The COVID-19 pandemic has resulted in an unprecedented need for rapid identification and development of effective therapies. Dociparstat, a molecule poised to initiate a phase 3 pivotal study in another indication, was found to be uniquely suited to address the pathophysiology of severe COVID-19. Steps were immediately undertaken to design and initiate a feasible, comparative trial to demonstrate that DSTAT provides added benefit to standard of care in COVID-19 patients at risk of acute lung injury, importantly decreasing their need for ventilatory support and improving overall outcomes.

However, the size and nature of the pandemic presented a variety of operational and scientific challenges. The overwhelming burden on healthcare providers, shortages of personal protective equipment, and the need to limit patient contact by medical personnel to prevent potential transmission of infection have been important considerations in protocol design.
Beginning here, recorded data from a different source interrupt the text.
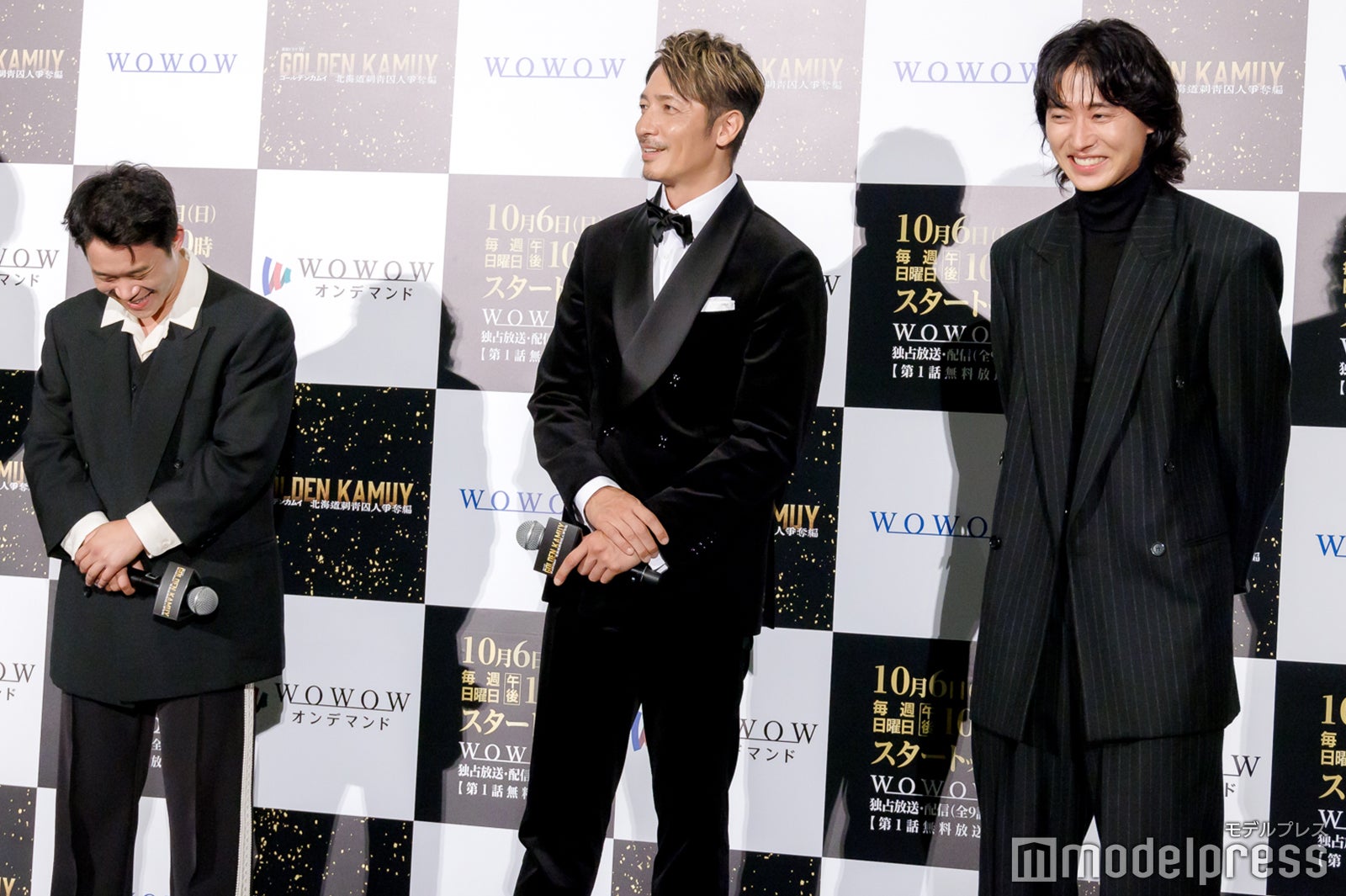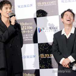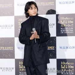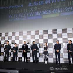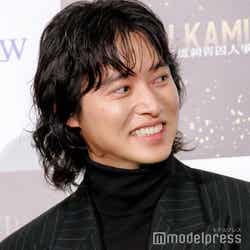 俳優の山崎賢人(※「崎」は正式には「たつさき」)が27日、都内で行われた『連続ドラマW ゴールデンカムイ―北海道刺青囚人争奪編―』完成披露試写会に、山田杏奈、矢本悠馬、柳俊太郎(※「柳」は正式には旧漢字)、塩野瑛久、桜井ユキ、中川大志、池内博之、玉木宏、舘ひろしとともに出席。本作での中川との共演を振り返った。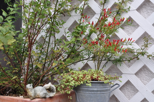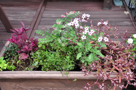![]() | スリット鉢を 季節ごとに入れ替えるプランター ぐら&べりんが デッキから庭に飛びださないための 柵の役目を兼ねている |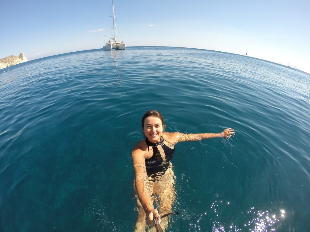 O passeio dura aproximadamente 5h, parando para mergulho na Red Beach, White Beach e por último nas águas vulcânicas, próximo à caldeira. Foi uma experiência única mergulhar por lá. Tínhamos lido na internet que era bom usar um biquíni antigo, pois a água vulcânica é rica em enxofre, o que poderia manchar as roupas, mas não aconteceu nada! O mergulho foi ótimo e meu maiô lindo e novo saiu sem manchas! O passeio contou ainda com um delicioso almoço todo preparado em alto mar, com uma comida maravilhosa e bebidas a vontade.

The complexity of treatments being evaluated during the COVID-19 global pandemic has necessitated flexibility in the allowances of concurrent medications and selection of endpoints being evaluated. As the landscape and COVID-19 knowledge base evolve, concurrent medications that would have normally been excluded because of lack of efficacy and added safety concerns (i.e., hydroxychloroquine) had to be considered as potential standards of care in this patient population, with close monitoring of cardiovascular safety. In addition, prophylaxis for DVT was incorporated into the protocol to accommodate institutional practices for anticoagulation in the setting of COVID-19. The US Food and Drug Administration also required inclusion of additional agents approved in other indications with potential benefit in COVID-19 patients (e.g., immunomodulators including IL-6 inhibitors and IL-6 receptor antagonists). This current DSTAT trial in COVID-19 has taken into account those potential confounders and has attempted to minimize their effect on the outcomes being interrogated by close monitoring of cardiovascular safety in the case of hydroxychloroquine, protocol-specified dose limitations for DVT prophylaxis and an algorithm for evaluation of potential cases of HIT, and the allowance of non-steroid immunomodulatory agents only in the event of mechanical ventilation, a failure endpoint in the trial. The impact of the recent emergency use authorizations for remdesivir and convalescent plasma and positive clinical outcome data with the addition of dexamethasone on the anticipated effect size of DSTAT has yet to be fully assessed but will be evaluated at the completion of the phase 2 portion of the trial. As these evolving therapies are increasing the proportion of patients surviving without the need for mechanical ventilation, the secondary endpoints of this trial (e.g., the time to improvement in the NIAID ordinal score) will become essential in providing a measure of drug effect on recovery. This identical strategy was utilized by the National Institutes of Health (NIH) in the assessment of remdesivir’s activity.

The end goal of this trial is to demonstrate an additive benefit when DSTAT is added to current standard of care therapeutic treatments. The development of new treatments is essential to effectively mitigate the morbidity and mortality in patients by minimizing hospital stays and ensuring the functionality of hospital wards and critical care units.